A mentalidade artística e o seu papel num sistema de escassez - Parte 2, por Ricardo Lopes
2 – Efeitos comportamentais, em termos de pensamento e ação
Após a análise das características gerais da mentalidade artística, encontramo-nos agora em condições para prosseguir para a análise dos efeitos que tal tem sobre o comportamento do artista, principalmente no que se refere ao tratamento que dá às outras pessoas, enquanto fontes de informação para as suas criações.
Na senda da inversão de necessidades e da submissão da produção artística ao que tem uma boa receção entre as outras pessoas, sejam o público no geral (arte popular) ou um público restrito de privilegiados (arte elitista), que ainda assim é o suficiente para permitir ao artista uma situação económica estável para se dedicar exclusivamente à produção artística, chega-se facilmente a uma situação em que a arte é o centro da vida do artista, em redor do qual tudo o demais que lhe diz respeito gravita. Ao artista deixam de interessar as relações propriamente ditas com as outras pessoas, ou interessam apenas para delas poder recolher mais material, como fonte de inspiração para as suas obras. O que não interessa, com certeza, são as outras pessoas, que deixam de ser os indivíduos que são e com os quais eles se relacionam, e portanto aos quais têm de ceder um mínimo de afetos e dedicar tempo, para passarem a ser meros organismos que recebem determinados estímulos e produzem reações emocionais, que são o produto de interesse do artista. O objetivo último de produzir uma obra de arte sobrepõe-se a tudo o resto que faça parte da vida do artista, ao ponto de já nem ser certo que ele sinta aquilo que diz sentir e os sentimentos e emoções que diz tratar nas obras que faz, mas tão simplesmente trabalha com os símbolos de tal.

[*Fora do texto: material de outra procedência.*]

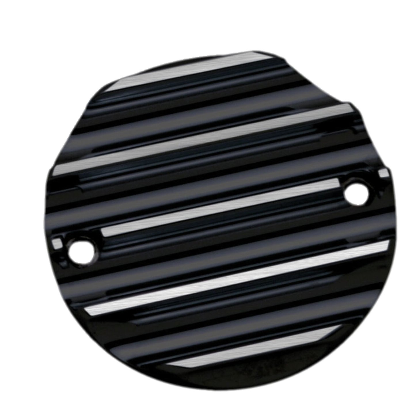 Black anodized CNC machined aluminum with Contrast Cut machined edge. With 2 horizontal mounting holes.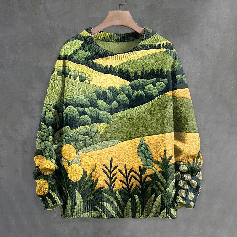 Women's Sweater Pullover Daily Casual Floral Graphic Ribbed Crew Neck Knitted Print Long Sleeve Regular Tops Knit Outdoor Weekend Dark Green Green Fall Winter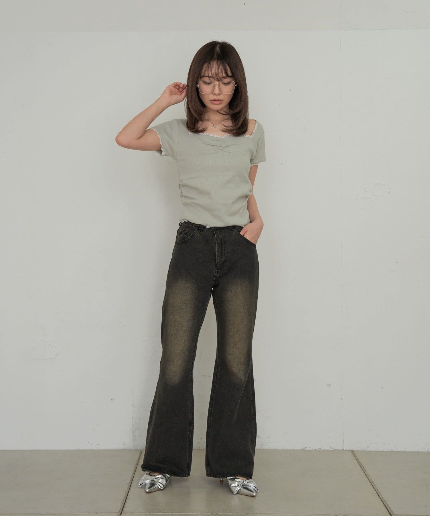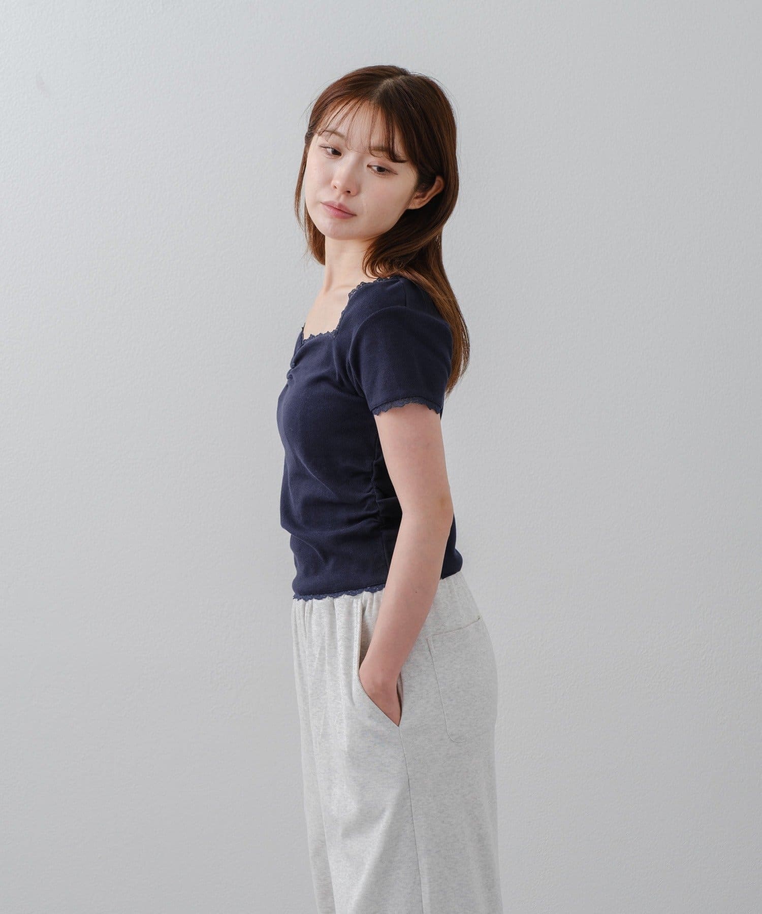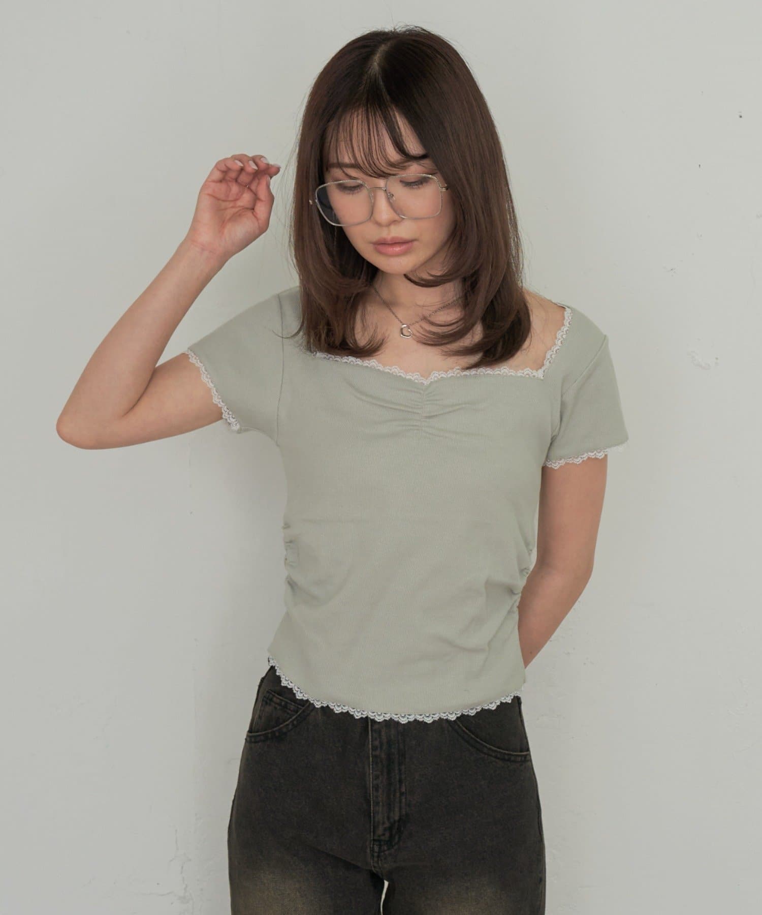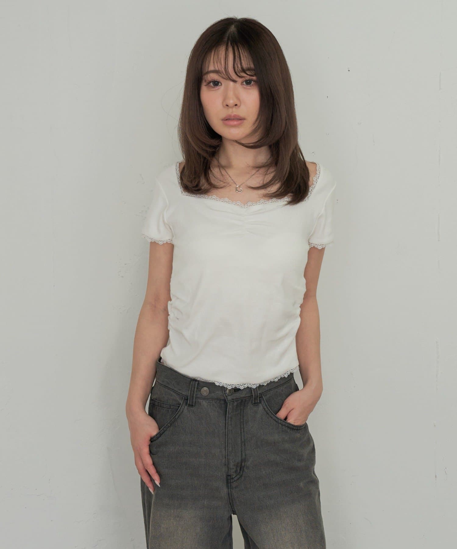 【RAY CASSIN】胸ギャザーコンパクトTシャツ

E, há outro grande problema que afeta os artistas. É que, geralmente, eles criam melhor e mais facilmente no momento emocional, ou seja, no momento em que estão a experimentar algum tipo de sentimento ou emoção, que por se manifestar num determinado contexto ou ser provocado por uma determinada situação tem para o artista um caráter mais genuíno, o que se interrelaciona com as questões do ego, do “eu” e da originalidade que já qui tratámos. Portanto, ao artista interessaria uma situação ideal na qual, ao mesmo tempo que está a sentir algo o pudesse imediatamente transpor para a obra a criar, uma vez que as emoções são um dos mais eficazes gatilhos de memórias, memórias que trazem consigo muito conteúdo e formas sensoriais e sentimentais que podem ser exploradas em conjunto pelo artista no momento em que as experimenta, mas que se esvanecem ou se misturam uma vez ultrapassado o efeito emocional. Por isso, tantos artistas recorrem a psicotrópicos como forma de hiperestimular o cérebro e trazer de volta determinadas emoções e com elas as memórias que vêm atreladas e que normalmente são mais vívidas. Um bom exemplo disso é o que Lars von Trier disse há uns anos atrás. Ele afirmou que se tinha libertado da dependência de drogas e que, portanto, considerava que seria muito difícil ou praticamente impossível que fosse capaz de voltar a criar algo de relevante ou com tão boa “qualidade” como outras das suas obras. E deu o exemplo do filme “Dogville” cujo guião, se bem me lembro, escreveu no espaço de semanas e resultou num dos seus mais aclamados filmes, enquanto que demorou 18 meses a escrever o guião do filme “Nymphomaniac” que, segundo o próprio, ficou muito aquém do anterior em termos de qualidade. A questão prende-se sempre com a capacidade de estabelecer mais associações entre diferentes informações que têm na cabeça e estarem numa condição o mais hipersensível possível, para experimentarem emoções e sentimentos com maior intensidade. E é isso que as drogas ou outros psicotrópicos, como o álcool, permitem.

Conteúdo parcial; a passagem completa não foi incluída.